Expression particulière de l'idéal moderne d'émancipation, l'anarchisme s'est distingué dans l'histoire des idées politiques et sociales par sa critique radicale du politique en tant qu'organisation étatique de la sphère publique : l'an-archie signifie d'abord la réappropriation sociale de la dimension publique, et, dans la tradition anarcho-syndicaliste, la résorption du politique dans l'économique et le social. Pourtant, l'histoire de l'anarchisme des XIXe et XXe siècles est traversée par une tension permanente entre le projet d'une organisation anti-autoritaire et anti-étatiste de la société (principe de liberté) et la nécessité d'utiliser la médiation politique-étatique comme forme d'action (principe d'autorité). La solution fédéraliste proposée par Pierre-Joseph Proudhon au XIXe siècle, la Commune de Paris en 1871, ou l’action des anarchistes de la CNT participant au gouvernement républicain durant la guerre civile espagnole en sont quelques exemples. Cette tension a traditionnellement été interprétée comme une forme d'incohérence : pour les critiques de l'anarchisme, elle révèle un « archaïsme » aveugle à la « modernité politique » qui serait indissociable de la forme étatique ; pour des anarchistes, l'« incohérence » a pu être assimilée à une inconséquence avec l'idée anarchiste voire à une « trahison ». Malgré leurs différences, ces deux lectures ont en commun d'effacer la tension de l’idée anarchiste et donc les questions dont elle est porteuse.
À distance de ces deux lectures établies, les travaux qui seront présentés dans le cadre de ce colloque chercheront à interroger cette tension non pas comme une incohérence, mais comme le symptôme d'un problème général qui touche au sens du politique comme tel, et dont on peut trouver une expression dans la crise contemporaine des formes établies de démocratie représentative et de la notion même de représentation politique, ainsi que dans l'émergence récente de nouvelles formes d'action publique – Indignados, Occupy, certaines formes de l'altermondialisme qui mettent en question la pratique politique en tant pratique spécialisée et professionnelle reproduisant les hiérarchies instituées et les systèmes verticaux de prise de décision ou engendrant de nouvelles hiérarchies qui échappent dans une large mesure au contrôle social.

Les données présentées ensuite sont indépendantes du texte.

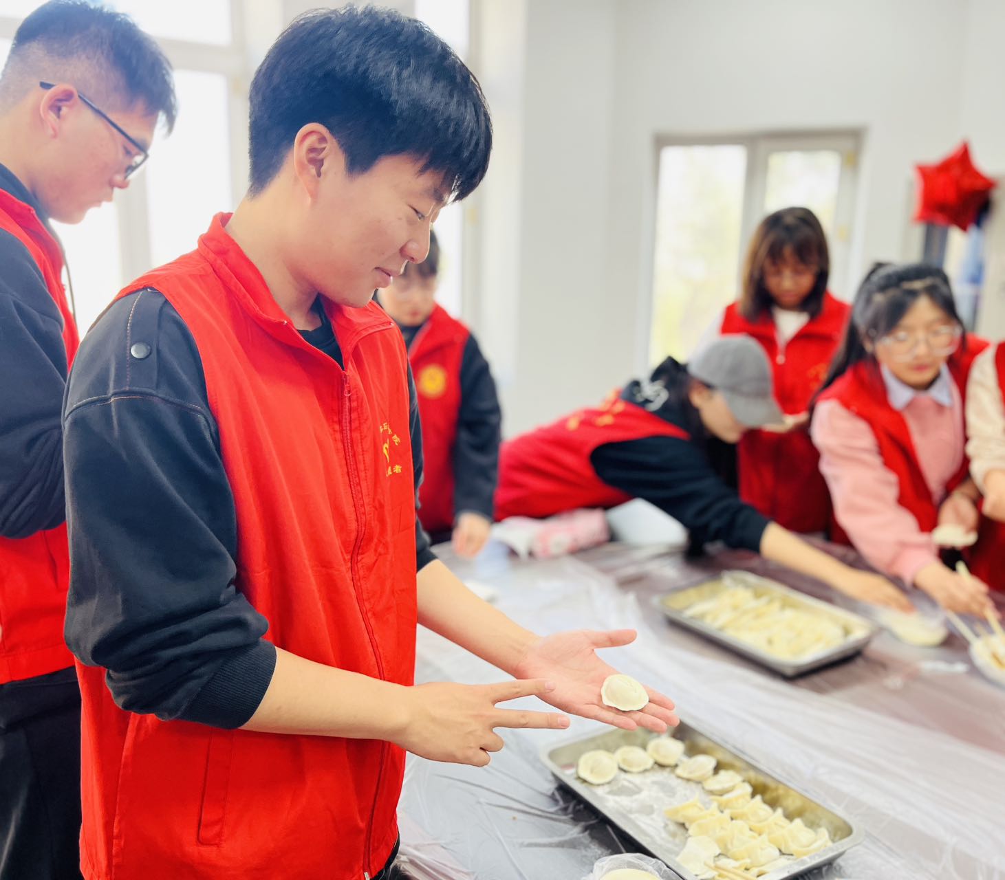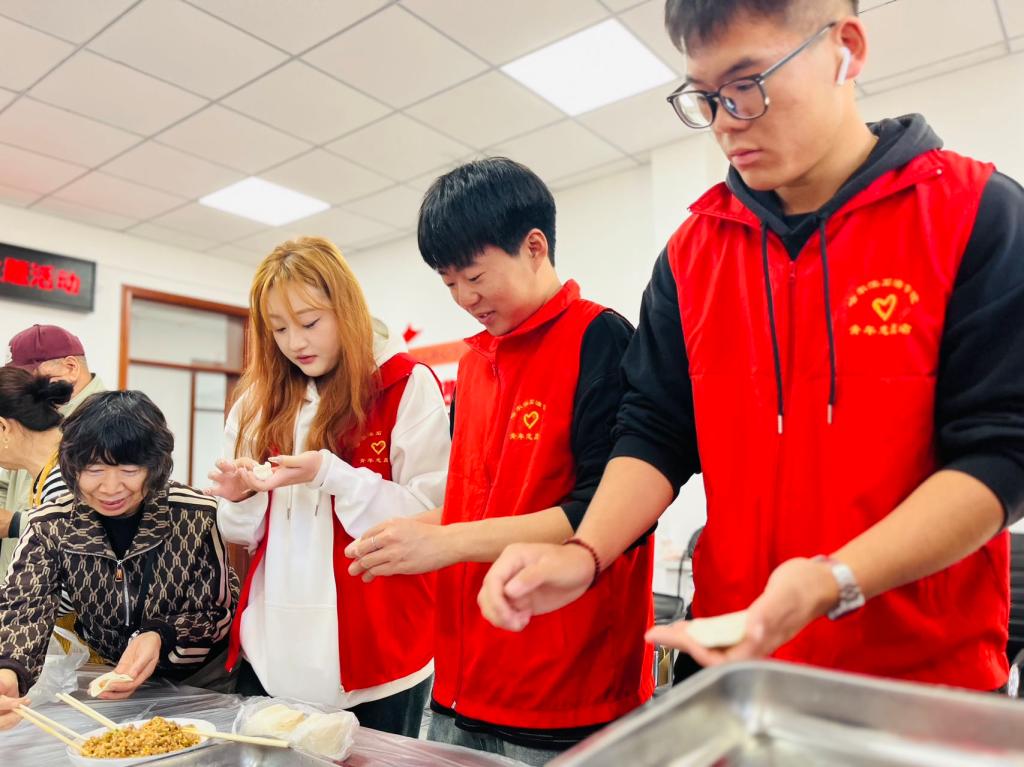 经前期与社区方面沟通,此次活动将为在社区居住的长辈们包饺子,以一种“热气腾腾”的方式陪伴他们度过一个难忘的节日。活动中,青年志愿者们充分践行“奉献、友爱、互助、进步”的志愿服务精神。他们面带微笑,忙碌地穿梭在各个角落。有的熟练地擀皮、包馅儿,为老人精心制作美味的饺子;有的则认真地打扫卫生,让老人们的居住环境焕然一新;还有的围坐在老人身旁,带着节日的问候以及真切的关怀,与老人们唠家常、问冷暖。他们耐心地倾听老人们讲述过去的故事,分享生活中的喜怒哀乐。那温馨的画面,仿佛冬日里的暖阳,温暖着每一个人的心。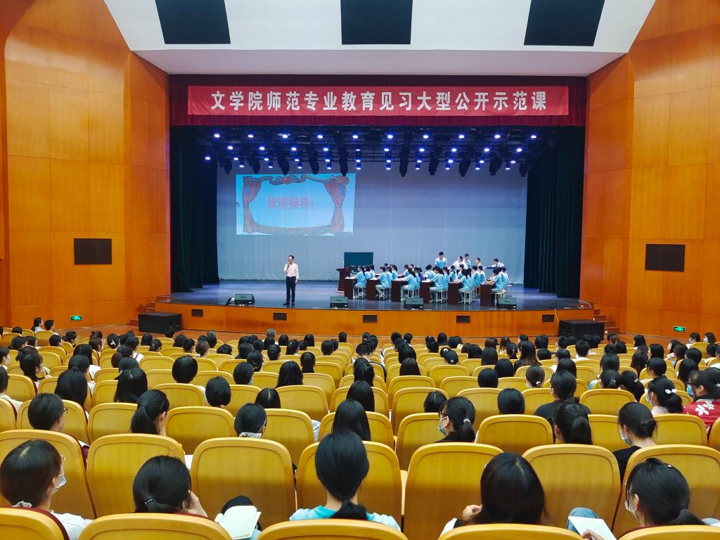 为了进一步落实人才培养方案、加强学生实践教学能力,增强对本专业学科知识的感性认识,将实践课程与课堂教学有机结合。我院于5月25日邀请南湾湖风景区中学彭涛校长、叶宁老师、中学语文教研组以及30余名中学生在我校音乐厅开展大型教育见习公开示范课。信阳学院副校长王强、教务处处长陈文涛、文学院院长毛正天、教学秘书陈浩、行政秘书陈俊、学工秘书徐远东、教务员万玲玲、2018级全体辅导员及近900名学生参加了此次活动。公开课由毛正天院长主持。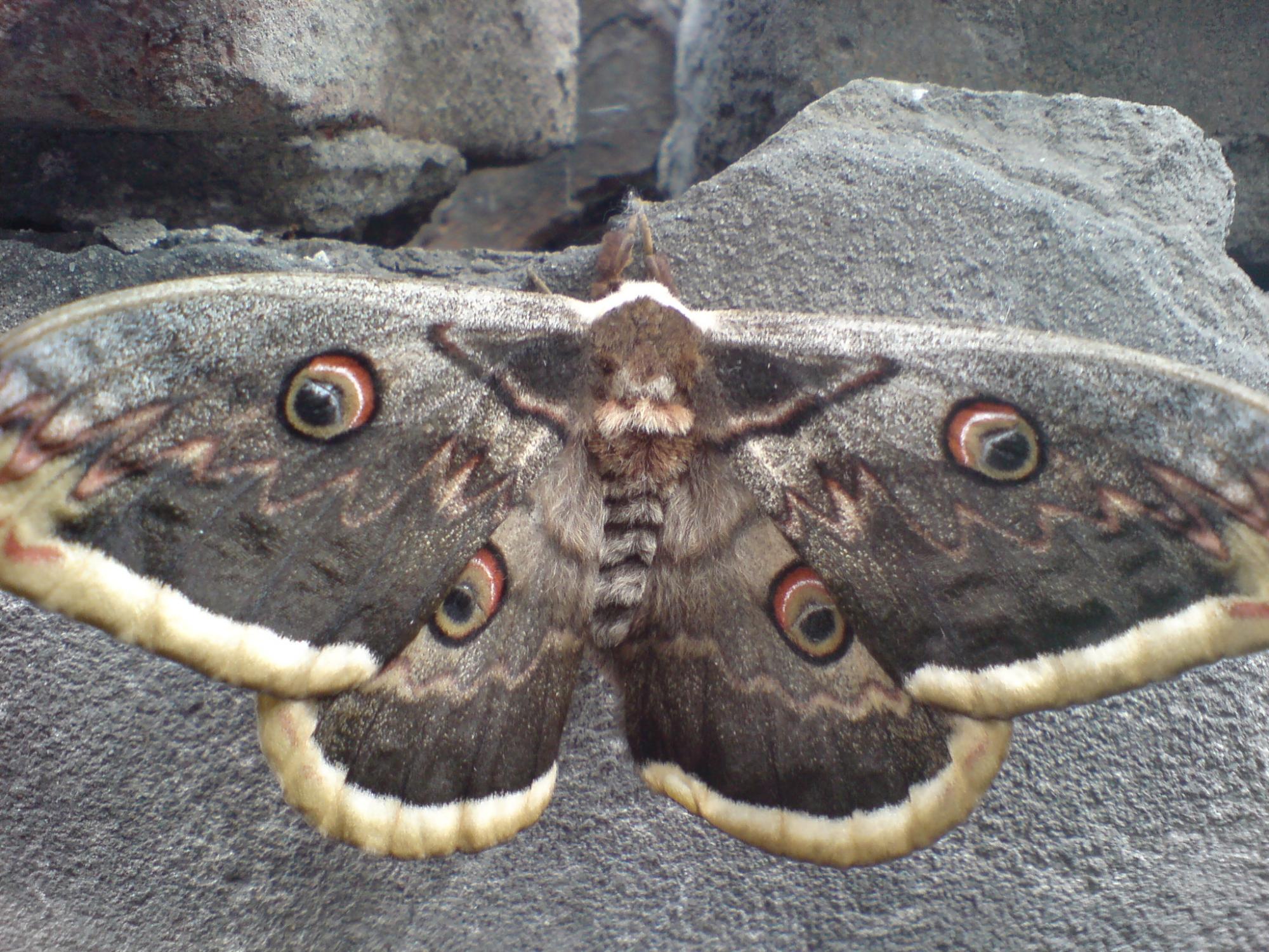Это ночной павлиний глаз, очень похож на дубового шелкопряда. Вот шелкопряд для сравнения:

En conjuguant des approches historiques réfléchies et des approches théoriques référées à des situations historiques concrètes, les différentes contributions s'organiseront selon les trois axes principaux du colloque :
a) Revisiter la notion du politique à partir de la critique anarchiste de l'État ainsi que des expériences anarchistes ou des « sociétés sans État » (Clastres) de construction de formes alternatives d'organisation de la société, non étatiques et non « politiques » au sens de la modernité libérale et de sa conception spécifique de l'État-nation, et fondées sur l'horizontalité des processus de prise de décision.
b) Reprendre, à nouveaux frais, les deux questions centrales du rapport entre culture (mode de vie) et politique, d'une part, et entre culture et transformation sociale, d'autre part.
c) Interroger les présupposés ontologiques de l'anarchisme et notamment sa croyance en une nature « bonne » de l'humain, et penser la relation entre l'anarchisme et le politique à partir d'une anthropologie post-freudienne.